• **Work to complete**:
In the listing beneath this line, copy exactly the lines starting with the one containing "Penjoll de plata" and going on through the one containing "Nature Communications 杂志在线发表题为".

• **Provided data**:
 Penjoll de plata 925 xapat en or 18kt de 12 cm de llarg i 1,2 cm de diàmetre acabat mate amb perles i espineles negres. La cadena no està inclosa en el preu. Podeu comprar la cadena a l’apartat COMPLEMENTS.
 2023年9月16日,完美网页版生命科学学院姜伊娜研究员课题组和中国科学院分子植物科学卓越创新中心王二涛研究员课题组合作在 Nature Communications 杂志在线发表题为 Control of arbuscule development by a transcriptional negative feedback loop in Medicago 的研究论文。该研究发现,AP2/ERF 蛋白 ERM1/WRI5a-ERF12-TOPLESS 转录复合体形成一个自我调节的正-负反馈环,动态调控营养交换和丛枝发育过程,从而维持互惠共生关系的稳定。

==

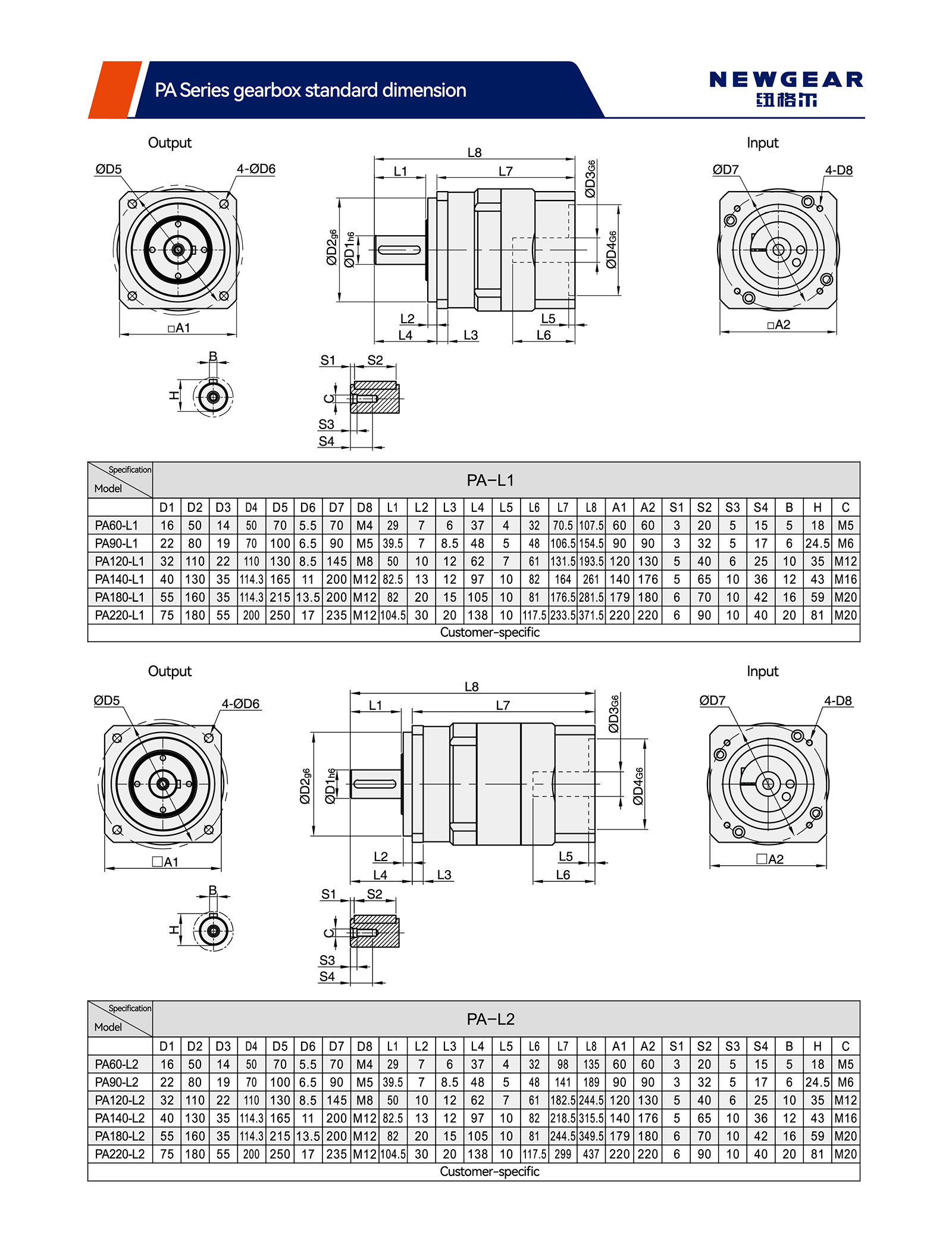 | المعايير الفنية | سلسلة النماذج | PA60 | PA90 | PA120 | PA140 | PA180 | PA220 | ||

• **Response area**:
 Penjoll de plata 925 xapat en or 18kt de 12 cm de llarg i 1,2 cm de diàmetre acabat mate amb perles i espineles negres. La cadena no està inclosa en el preu. Podeu comprar la cadena a l’apartat COMPLEMENTS.
 2023年9月16日,完美网页版生命科学学院姜伊娜研究员课题组和中国科学院分子植物科学卓越创新中心王二涛研究员课题组合作在 Nature Communications 杂志在线发表题为 Control of arbuscule development by a transcriptional negative feedback loop in Medicago 的研究论文。该研究发现,AP2/ERF 蛋白 ERM1/WRI5a-ERF12-TOPLESS 转录复合体形成一个自我调节的正-负反馈环,动态调控营养交换和丛枝发育过程,从而维持互惠共生关系的稳定。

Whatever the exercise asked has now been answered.